I’m nervous. Waaaaay way nervous. I feel sick (but I think that’s in part due to the 4 Tim Tams I just ate). I’m going in to see the surgeon this afternoon.
It’s a little on the scary side but I want this so much.
I got home yesterday after spending the night at my parents to find that my BF had tided. I was amazed because he rarely does anything like that without me asking him to. He doesn’t do it because he thinks I should do it all, it’s just his parents never made him help out with chores around the house, or made him help with cooking the dinner.
He really doesn’t cook well. He lacks the ability to look in the fridge, see what we have, and cook up something from that. It has to come from a packet with instructions.
Still, it’s nice when he cooks and i don’t have to.
I was going to talk about the Rugby World Cup, but I think I am going to keep this blog more anonymous so I can talk more freely. Therefore, will not revel my country of origin by stating my loyalties within the Cup.
When I was in high school I used to keep journals. It started in 3rd form to late 5th form, and went through one or two a year. It usually consisted of boring teenage things (omg, he’s sooooo cute! Arrgh total break out 😦 ) yea, that sort of stuff.
Though I did battle with acne, and wasn’t until after the 7th form ball when I had the worst break out I have ever had that mum finally said we could go to the Dr’s. I refused to go to school the Monday after, my self-esteem (despite having a fantastic time) was so low I couldn’t look at anyone.
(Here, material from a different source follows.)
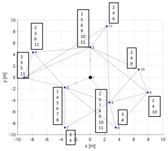 WSN with 11 nodes in which, for each node, its adjacency list is defined.

It’s degrading to have these things on your face you can’t control, but it’s completely not your fault. I went on medicine that was supposed to kick it out of my system, and it worked brilliantly. It was only later this year (two years later) that I started having another break out and when I went to the Dr’s she said it was the type of contraceptive pill I was on. While some help acne others just make it worst, and I was on the one that didn’t help AT ALL. The Dr switched me and I am now the owner of a (mostly) clear face.
I do now have to find a way to get rid of my acne scares in a painless and cheap way.